**DATA:**
------------------------------------------------------------

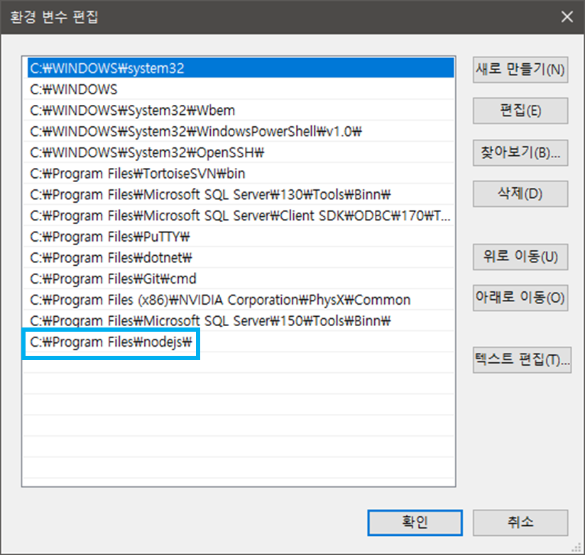대충 npm을 맞게 설치 했다면, npm이 설치된 폴더가 아닌 다른 위치에서도 사용할 수 있도록해주는 걸
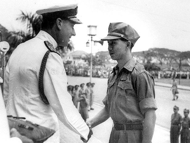 On the left is Lord Louis Mountbatten. On the right is Chin Peng, then member of the Malayan People's Anti-Japanese Army (MPAJA) and would later go on to be the Secretary-General of the Malayan Communist Party (MCP) or Communist Party of Malaya (CPM). The MPAJA leaders were awarded with British campaign medals for their contributions to the Allied war efforts.
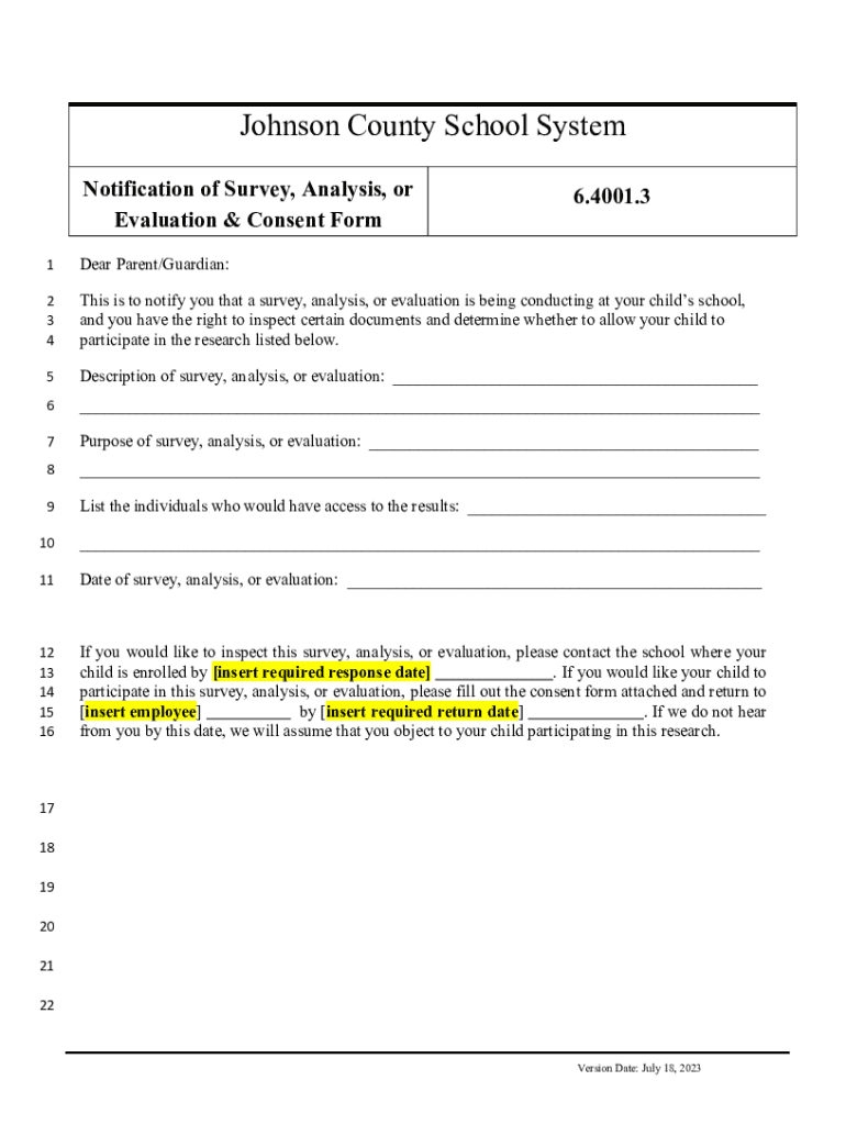 Get the free Notification of Survey, Analysis, or Evaluation & Consent Form
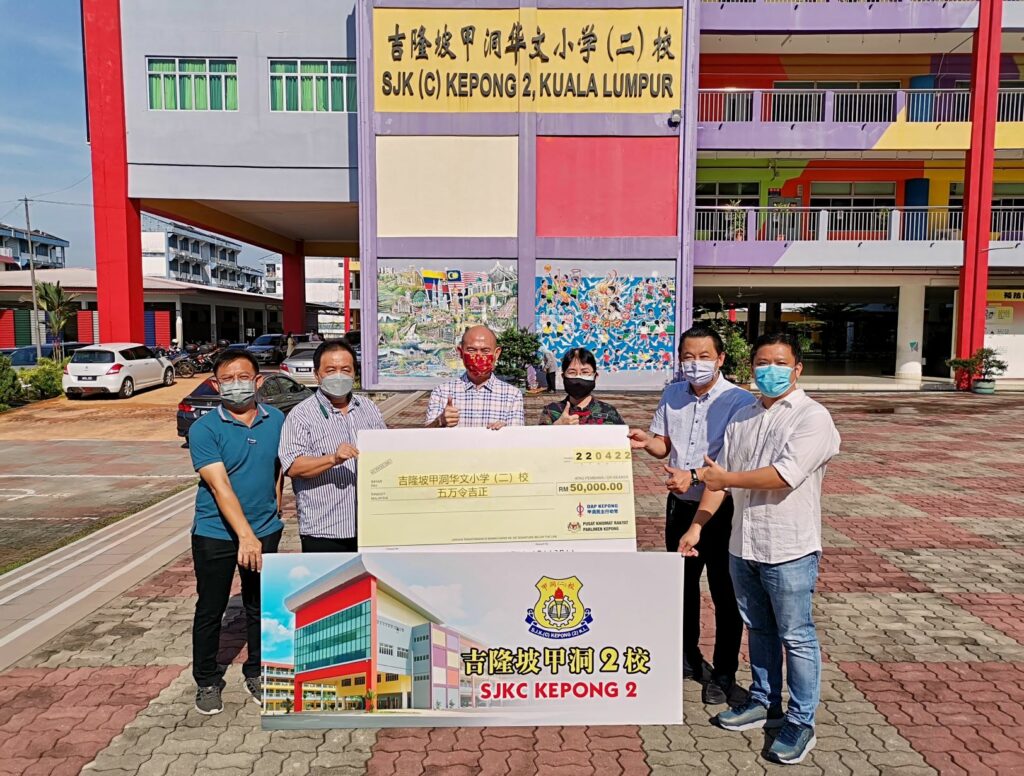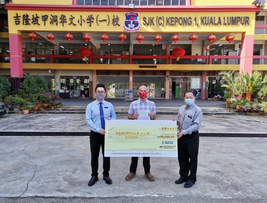 “昨天,我在该两间学校,移交了各5万令吉的支票于甲洞华文小学一校校长魏官云先生和二校校长钱秀芬女士。

------------------------------------------------------------

**WHAT NEEDS TO BE DONE:** A verbatim copy of the material, pictures excluded, is what must be produced.

**TASK OUTPUT:**
대충 npm을 맞게 설치 했다면, npm이 설치된 폴더가 아닌 다른 위치에서도 사용할 수 있도록해주는 걸
 On the left is Lord Louis Mountbatten. On the right is Chin Peng, then member of the Malayan People's Anti-Japanese Army (MPAJA) and would later go on to be the Secretary-General of the Malayan Communist Party (MCP) or Communist Party of Malaya (CPM). The MPAJA leaders were awarded with British campaign medals for their contributions to the Allied war efforts.
 Get the free Notification of Survey, Analysis, or Evaluation & Consent Form
 “昨天,我在该两间学校,移交了各5万令吉的支票于甲洞华文小学一校校长魏官云先生和二校校长钱秀芬女士。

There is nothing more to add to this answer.